Under this line sits a listing. Repeat exactly and only its lines from the one holding "To install Splunk" through the one holding "Poliestere, Grigio |"; skip pictures.

Data in this exercise:

*** Block opens ***

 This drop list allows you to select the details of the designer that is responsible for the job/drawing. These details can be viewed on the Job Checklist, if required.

*** Block closes ***
*** Block opens ***

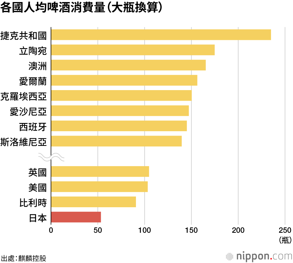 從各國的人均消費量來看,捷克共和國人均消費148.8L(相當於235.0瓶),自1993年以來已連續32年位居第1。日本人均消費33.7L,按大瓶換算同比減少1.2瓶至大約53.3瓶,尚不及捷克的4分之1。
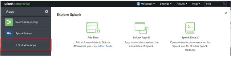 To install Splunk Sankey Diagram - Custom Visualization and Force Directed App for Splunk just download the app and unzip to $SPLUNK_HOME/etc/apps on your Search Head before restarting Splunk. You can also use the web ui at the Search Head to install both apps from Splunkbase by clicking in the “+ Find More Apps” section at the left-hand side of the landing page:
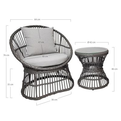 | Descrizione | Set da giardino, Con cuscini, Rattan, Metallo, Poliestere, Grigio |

*** Block closes ***

Answer to this task:
 To install Splunk Sankey Diagram - Custom Visualization and Force Directed App for Splunk just download the app and unzip to $SPLUNK_HOME/etc/apps on your Search Head before restarting Splunk. You can also use the web ui at the Search Head to install both apps from Splunkbase by clicking in the “+ Find More Apps” section at the left-hand side of the landing page:
 | Descrizione | Set da giardino, Con cuscini, Rattan, Metallo, Poliestere, Grigio |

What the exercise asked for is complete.